Lim Yoke Wah

Personal information
- Born: 6 January 1986 (age 40) Ipoh, Malaysia

Sport
- Country: Malaysia
- Handedness: Right Handed
- Turned pro: 2003
- Coached by: Lee See Wee, Ahmed Malik
- Retired: 2009
- Racquet used: Wilson

Women's singles
- Highest ranking: No. 41 (June 2008)
- Current ranking: No. 58 (December 2009)

= Lim Yoke Wah =

Malaysian squash player (born 1986)

Lim Yoke Wah (林玉华; born 6 January 1986 in Ipoh, Perak) is a professional squash player who represented Malaysia.

Lim grew up in her hometown Ipoh and started playing squash aged ten after being introduced to the sport by a coach. She was trained by Lee See Wee and Ahmed Malik from Pakistan.

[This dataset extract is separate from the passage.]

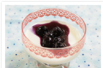
ポイント 他のくだものソースと合わせてみるのもいいですね
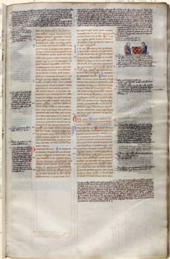
XIII-wieczny Kodeks Justyniana z miniaturą przedstawiającą scenę gry w szachy

In 2002, Lim represented Malaysia at the Hong Kong Junior Open and defeated Lau Siu-ying (劉小瑩) of Hong Kong to win the tournament. In 2006, Lim became the first Malaysian to win a gold medal at the World University Squash Championships. By that year, Lim ranked as the top women's player in Perak.

During her squash career she was based in Kuala Lumpur and coached by Ahmed Malik while studying at Universiti Putra Malaysia.